> Work task: For this exercise, restate word for word only the lines from the one containing "Printed on a" through the last line below. Pictures do not get copied.

═══ Listed entries ═══

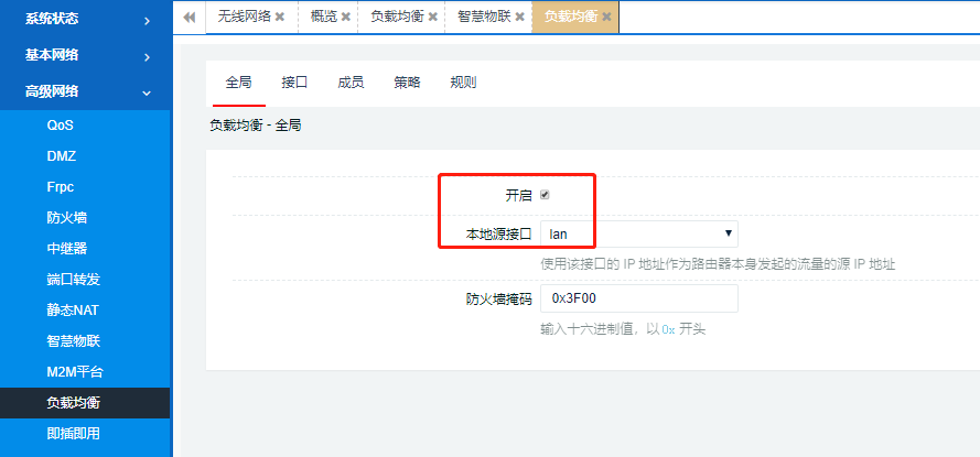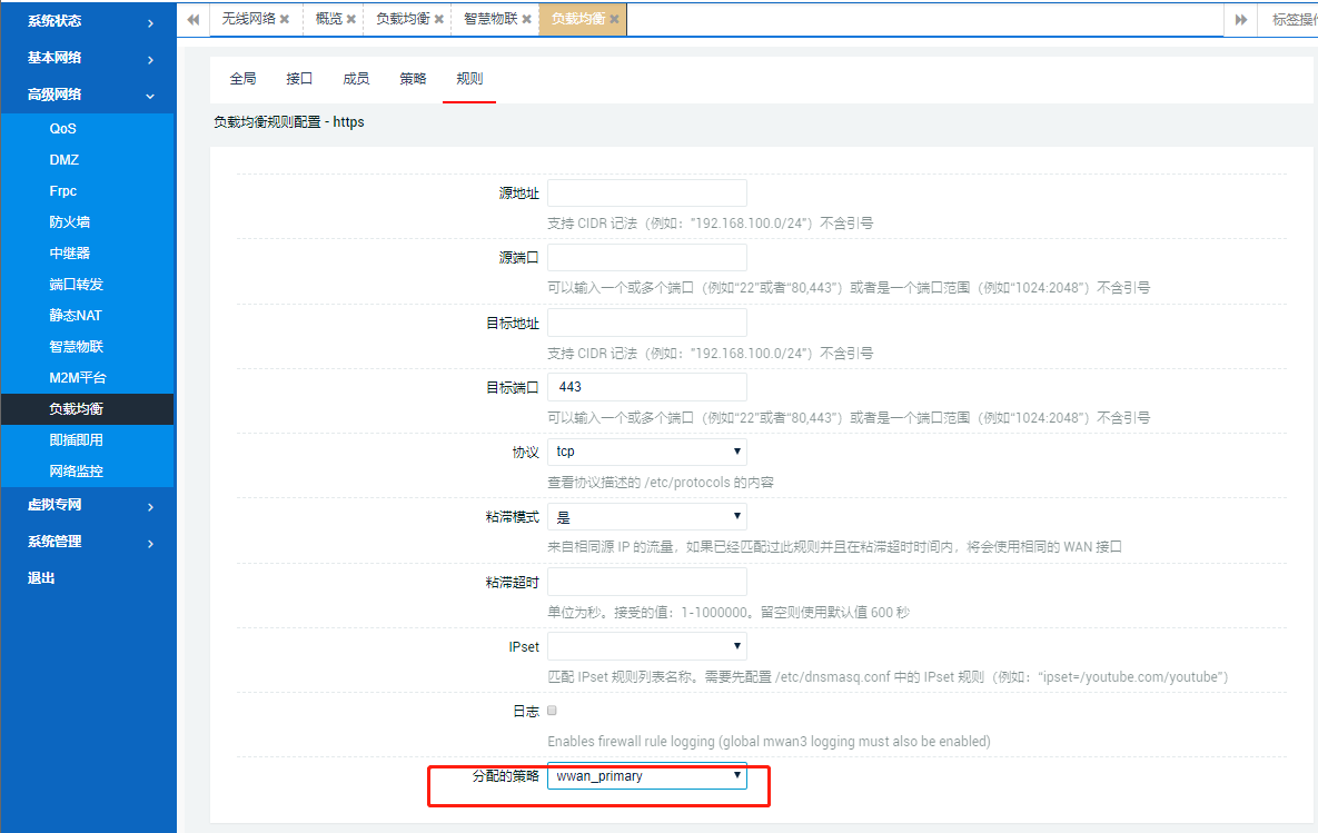因为要使用WiFi优先,4G备份,所以设置名称为wwan_primary,同时必须关联成员wwan_m1_w1和3gwan1_m2_w1;分别如下:图片22.png图片23.png图片24.png 4.4设置负载均衡控制规则
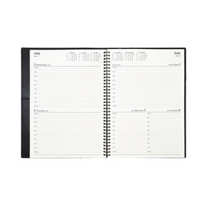Printed on a subtle cream paper, each dated page layout features a six-month to opening calendar, week numbers, Julian days, as well as both national and international public holidays.
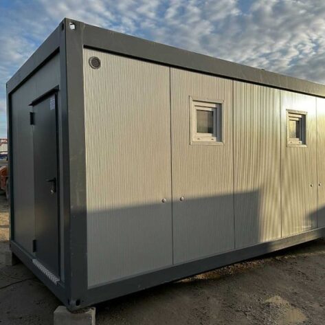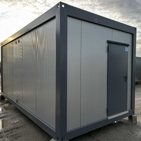 Conteneur sanitaire 6,06 × 2,44 m – 2 douches, 2 WC, 2 urinoirs, 5 lavabos
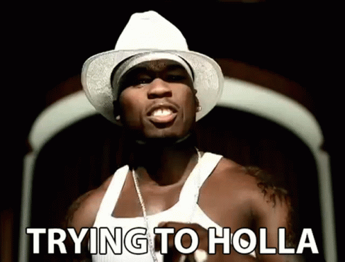 50 Cent in a white hat and tank top, singing 'Trying To Holla' from his music video 'Shoot Your Shot'.
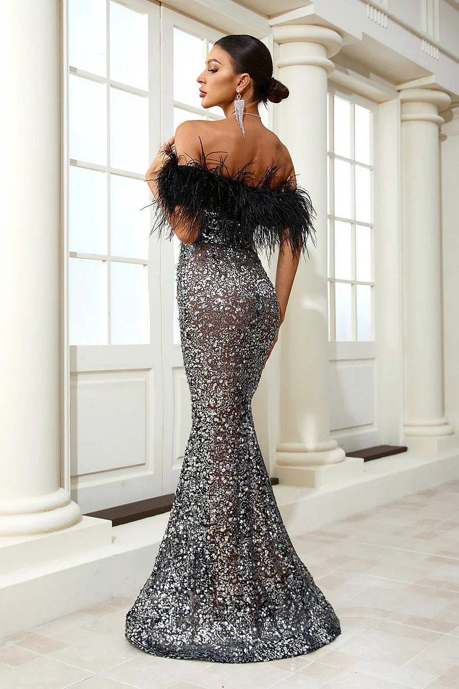 Off Shoulder Feather Maxi Mermaid Dress HT1148

═══

> Result of this exercise:
Printed on a subtle cream paper, each dated page layout features a six-month to opening calendar, week numbers, Julian days, as well as both national and international public holidays.
 Conteneur sanitaire 6,06 × 2,44 m – 2 douches, 2 WC, 2 urinoirs, 5 lavabos
 50 Cent in a white hat and tank top, singing 'Trying To Holla' from his music video 'Shoot Your Shot'.
 Off Shoulder Feather Maxi Mermaid Dress HT1148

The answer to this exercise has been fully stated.